The mechanisms underlying the association between CV polypharmacy and AKI could be complex, but can be classified as hemodynamic factors (systemic or glomerular), aggravation of nephrotoxicity, synergism of side effects, and impairment of adherence (Figure 5). First, use of multiple CV medications may affect blood pressure significantly, leading to bradycardia and ultimately to impaired renal perfusion. Use of ACEIs/ARBs might further reduce the glomerular filtration rate (GFR) and thereby increase the risk for AKI in elderly patients.[11] Second, CV medications may lead to aggravation of nephrotoxicity; in other words, drugs compromising renal perfusion might indirectly reduce the excretion of other medications from the kidneys, causing adverse drug reactions and AKI, an outcome that would not have occurred without polypharmacy. Third, side effects of different CV medications could act together synergistically and precipitate AKI. For instance, concurrent use of dronedarone and diuretics can increase the risk of dehydration-related prerenal azotemia from both diarrhea (dronedarone) and excessive urine loss (diuretic).[37] Fourth, from the patients’ perspective, polypharmacy might reduce adherence to vital CV medications, leading to poor disease control, including hypertensive crisis, dyslipidemia, and atherosclerosis, all of which might alter the risk of subsequent AKI.[2,3,38] Finally, it is possible that CV polypharmacy is also accompanied by concurrent use of other nephrotoxic medications, including NSAIDs. Elderly patients frequently had chronic musculoskeletal pain, the prevalence of which increases as population ages in addition to higher CV comorbidities.[39] As NSAIDs are frequently co-prescribed for pain relieving purpose, NSAIDs might play an important role in precipitating these adverse events, while topical NSAIDs might be safer.[40] Since the inclusion of PIMs and diuretics use significantly attenuated the significance of CV polypharmacy in some but not all our models, the association between CV polypharmacy might be mediated partially by PIMs prescription or specific component of the pharmaceutical regimen. Consequently, CV polypharmacy might be associated with the development of AKI through the effects of medications per se or by altering patient behaviors (adherence).

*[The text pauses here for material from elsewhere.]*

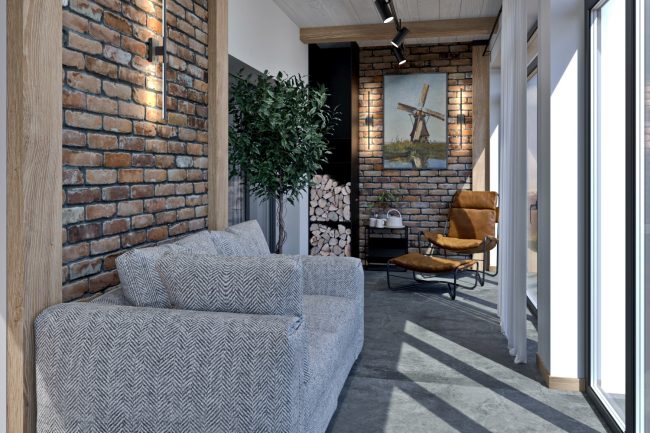 Taras jest jednym z kluczowych obszarów domu, pozwalającym cieszyć się naturą. Jest urządzony cegłą austriacką, co nadaje domowi trwałości i charakterystycznego stylu. Taras wyposażony jest w stół jadalny do rodzinnych posiłków na świeżym powietrzu oraz strefę wypoczynkową z miękkimi meblami do relaksu. Duże panoramiczne okna wychodzą na otaczającą przyrodę, otwierając zapierający dech w piersiach widok.

Our study has strengths and limitations. Through the cross-comparison of a comprehensive administrative pharmaceutical database and laboratory records, we successfully established the relationship between CV polypharmacy and the development of AKI in a cohort of elderly patients. We also demonstrated that the severity of AKI increased as patients used more CV drugs. These findings support the view that polypharmacy and AKI are frequently associated. However, the present study is also limited by the relatively modest case numbers and the sole inclusion of elderly subjects who had acute episodes that required hospitalization. It is possible that many patients with subtler or more gradual alterations of renal function, such as the sub-AKI,[41] were not included. If so, this would result in an under-estimation of risk. In addition, it is possible that the elevated risk of AKI in the elderly might also result from other individual components of their CV medications besides their cumulative effect. We have tried to address this issue through the adjustment for multiple potential nephrotoxicants in our regression models, and the effect of most identified agents seemed modest. Nonetheless, we could not rule out the possibility that the higher risk of AKI in these patients came from their comorbidities. Despite all these limitations, our findings can still serve as a useful foundation for larger and more thorough studies of the impact of polypharmacy on AKI risk in geriatric patients.

CONCLUSION

In the present study, CV polypharmacy, defined as use of 2 or more CV medications, was associated with significantly higher frequency of AKI in geriatric patients. Moreover, patients who used more CV medications had more severe AKI. Although our findings lend support to the potential adverse influence of CV polypharmacy in geriatric patients, the risk–benefit ratio of CV polypharmacy is still unclear. Further studies that use different criteria to define polypharmacy and that harness interventions to ameliorate CV polypharmacy would be needed to draw a more definitive conclusion.